El Sindicato de Ancap resolvió en las últimas horas suspender el suministro de aerocombustibles al Aeropuerto de Carrasco. La medida se implementará a partir de este jueves 15 de agosto.
El combustible que utilizan los aviones se despacha en la planta de La Teja y es transportado por camiones de Ancap, y también de los propios sellos (Disa y Axion) que prestan servicios en el aeropuerto de Carrasco.
Además, el sindicato prevé realizar un paro de 24 horas el jueves 16 de agosto en las plantas de portland ubicadas en Minas y en Paysandú. La misma medida se realizará en la planta de Manga el día viernes.
Por otro lado, el sindicato también resolvió realizar “paros, ocupaciones y afectación de la cadena logística, de manera sorpresiva”, desde este jueves. Esto “garantizando el abastecimiento de combustibles a todos los servicios esenciales como hospitales, Ministerio del Interior y Fuerzas Armadas”.
El cambio en la planta del aeropuerto
La semana pasada Ancap concretó su salida como socio de la empresa Talobras, algo que estaba en proceso desde hace tiempo, como parte de una reorganización global de logística, que incluyó el retiro de la operativa comercial para la venta directa a aeronaves, tanto en la planta Carrasco como en la planta Laguna del Sauce.
En particular, Talobras era una sociedad creada en 2012 junto con el operador del aeropuerto de Carrasco y la distribuidora Petrobras, hoy Disa. Tenía por objetivo el manejo de la logística de almacenamiento y distribución de aerocombustible, pero por distintas razones nunca llegó a operar como se esperaba.
Como integrante de esa sociedad, en su momento el ente se había comprometido a realizar una serie de inversiones en infraestructura, pero que finalmente no realizó por entenderlas inconvenientes.
En ese contexto los socios de Ancap presentaron una Solicitud de Arbitraje ante el Centro de Conciliación y Arbitraje de la Cámara de Comercio y Servicios del Uruguay, en el que se reclamaba una suma cercana a US$ 27 millones.

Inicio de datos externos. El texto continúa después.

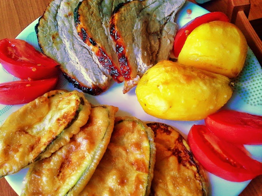 Тиквичките са панирани с кашичка от яйца, брашно, мъничко водичка и мъничко сол.

Estos cambios y discusiones en la sociedad dieron origen a negociaciones para disipar los diferendos planteados. Uno de los puntos oficializados la semana pasada fue la salida de Ancap de Talobras mediante la transferencia de acciones en esa empresa a sus socios en igual proporción.
Asimismo, se dispuso el arrendamiento por parte de Ancap a Talobras de las instalaciones de la planta de combustibles ubicada en el Aeropuerto de Carrasco, en condiciones similares a las pactadas en 2012 y por un plazo de 15 años.
La postura de Ancap y la oposición del sindicato
La empresa pública sostiene que el precio pactado a pagar por Talobras por el arrendamiento de la Planta Carrasco "permite a Ancap obtener una recuperación del valor de los activos a una tasa superior a la tasa requerida, en condiciones mucho más convenientes que el costo que tenía para Ancap gestionar ese servicio".
El sindicato de Fancap considera que la planta de aerocombustibles de Carrasco debe mantenerse en manos y bajo gestión del Estado, como “algo fundamental para la soberanía de la conectividad aérea del país".
Según Ancap, el resultado económico obtenido por la operación fue negativo desde 2013, como explica en detalle esta nota publicada por El Observador el año pasado.
Un conflicto similar ya se había planteado en 2022 cuando Ancap decidió alquilar la planta del aeropuerto de Laguna del Sauce para reducir pérdidas millonarias. El sindicato exigía que el negocio continuara en manos de la estatal y no pasara a manos privadas.